Abandonos e misérias
O “Diário da República” é certamente o jornal de maior tiragem e mais larga difusão em Portugal – o que não impede que seja pouco lido, pouco apreciado, e largamente desconhecido pelo público em geral.
E justo é que seja assim, já que não há certamente coisa mais enfadonha e desinteressante.
Todavia, de vez em quando, até o “Diário da República” traz leitura de algum proveito e interesse.
Estava eu aqui a ver uma Resolução do Conselho de Ministros em que este aprovou, há dias atrás, uma coisa a que chamou “o mapa Portugal menos favorecido”.
A intenção proclamada é vir a tomar medidas que designa como “discriminação positiva de base regional”.

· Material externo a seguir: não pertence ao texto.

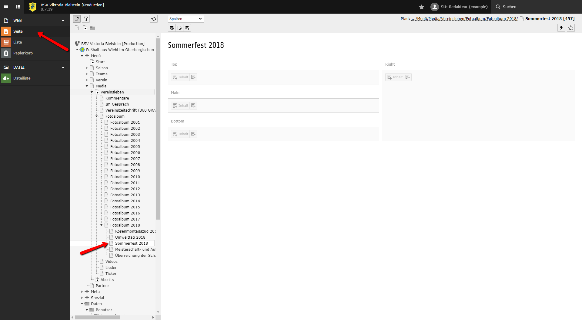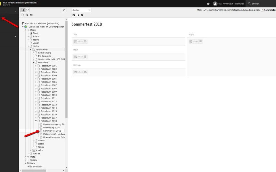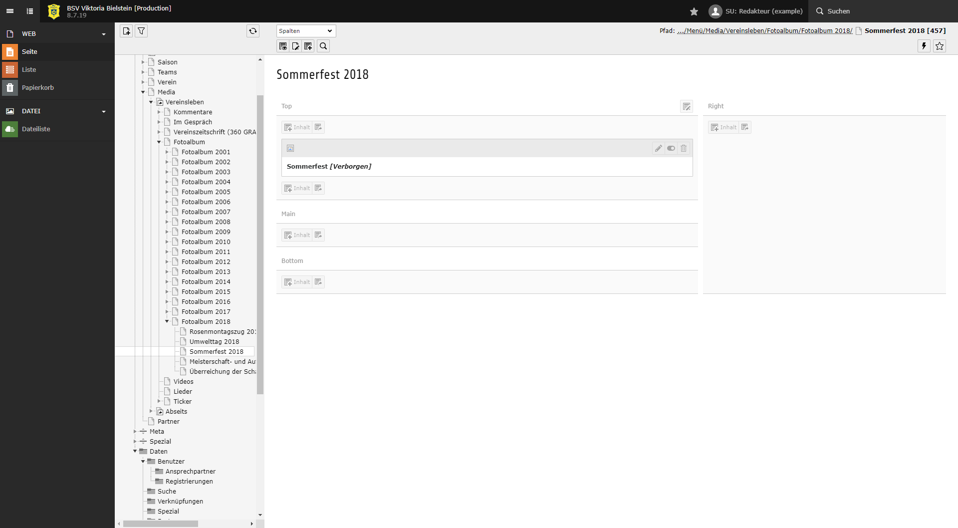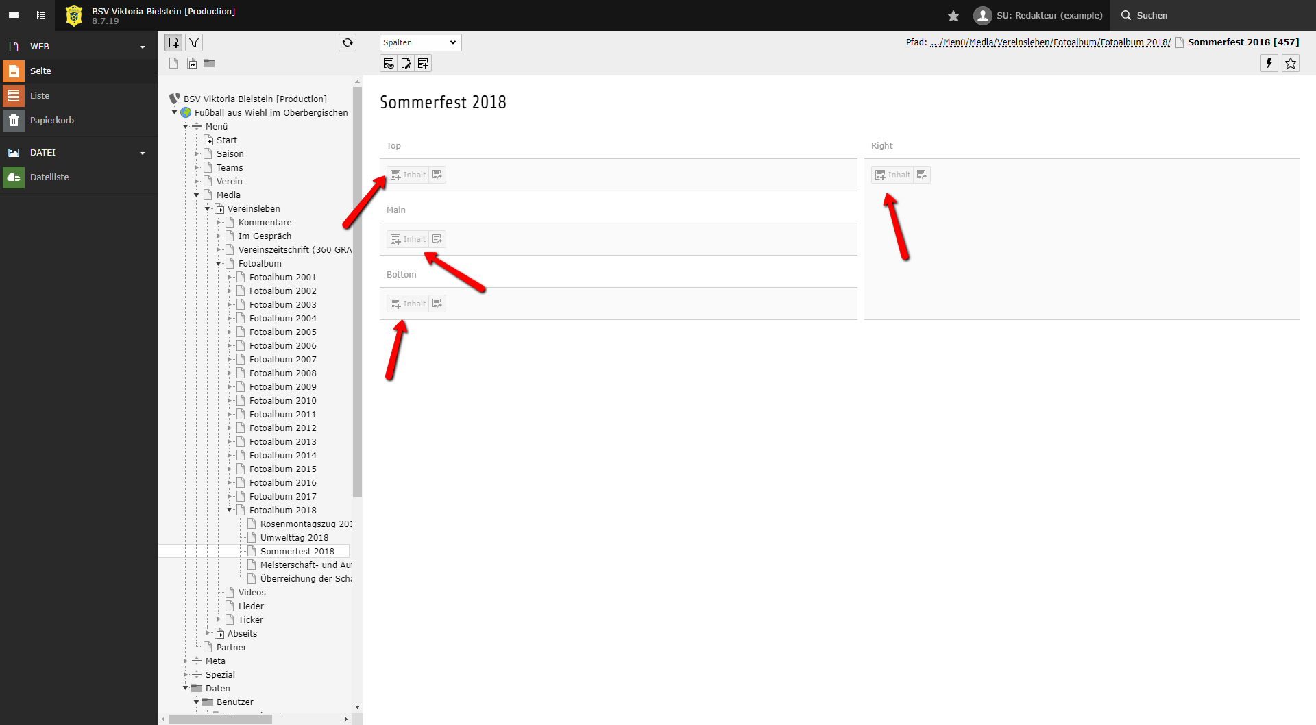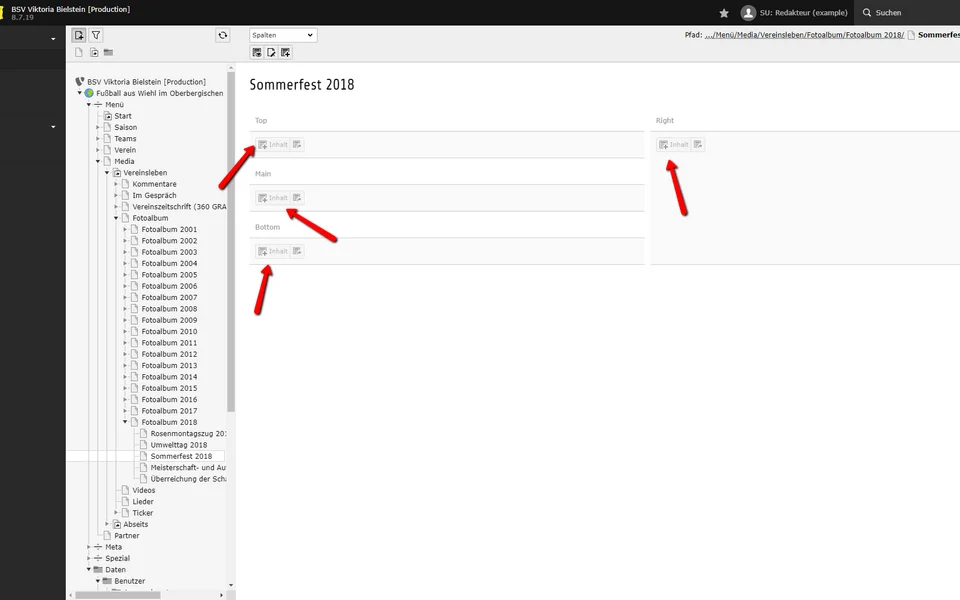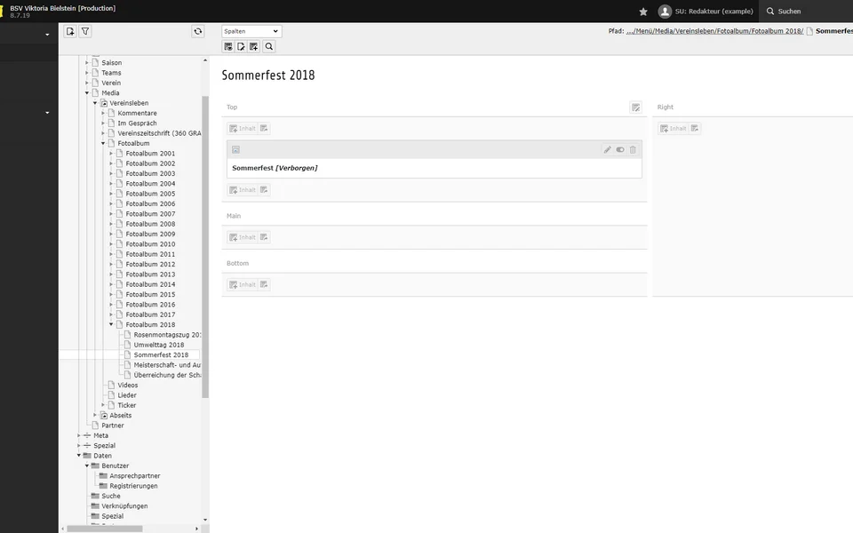 Nachdem das Inhaltselement geschlossen wurde, siehst du das Inhaltselement in der Spalte Top liegen.

E enquanto não chegam as medidas temos pelo menos o mapa indicando onde as ditas deveriam ser aplicadas.
Explicando melhor: a douta comissão nomeada pelo Governo tomou como indicador de partida o valor médio do poder de compra global dos portugueses (estão a ver, é aquele índice de que toda a gente se queixa), e usando essa média do poder de compra nacional foi averiguar quais as regiões e Concelhos em que o índice do poder de compra esteja abaixo da média nacional. São os tais do “Portugal menos favorecido”.
Os resultados são arrepiantes. Pensem os leitores: o valor médio do nosso poder de compra é aquilo que é, e não vou explicar em termos comparativos. Cada um sabe por si o que representa esse tal valor médio nacional. Pois então imagine o que sentirão e como vivem as gentes dos Concelhos com menos de 40% (quarenta por cento) da referida média nacional.
Como menos de quarenta por cento da média nacional encontramos Concelhos como Cinfães, Celorico de Basto, Ribeira de Pena, Armamar, Boticas, Penalva do Castelo.
E com pouco mais de quarenta por cento da média nacional encontramos inúmeros Concelhos – desenhando o retrato verdadeiro de todo o interior português. Interior, mas não se pense que se trata apenas de sítios remotos e de nomes exóticos, que a nossa ilustrada e cosmopolita classe política e jornalística nunca ouviu falar. Não, não se trata só de Meda, Penedono, Carrazeda de Ansiães, Freixo-de-Espada-à-Cinta, Paredes de Coura, Penamacor, ou Figueira de Castelo Rodrigo. Basta rumar a Baião ou a Resende, e ali, quase no Grande Porto, o IPC (índice do poder de compra) pouco excede os quarenta por cento da média nacional.
Esse interior pode estar tão perto do litoral das festas do jet-set como o Concelho de Alcoutim, a poucos quilómetros do mais luxuoso Algarve: tem um IPC equivalente a quarenta por cento da média nacional. E percorrendo uma linha que se desenha pelo Guadiana, que inclui Barrancos, Mértola, Portel, Alandroal, é a mesma desgraça: nunca se atinge um IPC que se aproxime da metade da média nacional.
Abaixo dos setenta e cinco por cento da média nacional situam-se, se bem contei, duzentos Concelhos do continente português. Fácil é concluir que o valor médio em questão tem que resultar do facto de existirem outros que têm valores muito acima dessa média – mas estes dados não constam do mapa.
Certamente que o falado índice de poder de compra não mostra tudo. Mas permite, amargamente, reflectir neste país que a passos largos nos preparam: um pequeno território onde em vez de um desenvolvimento em malha homogénea, harmoniosa e solidária temos o abandono de oitenta ou noventa por cento do território, forçando à concentração da população e da riqueza nos restantes dez ou vinte por cento. Um país prodigioso, onde teremos em singular coexistência os problemas próprios das grandes concentrações urbanas com a problemática característica das vastas regiões desertificadas.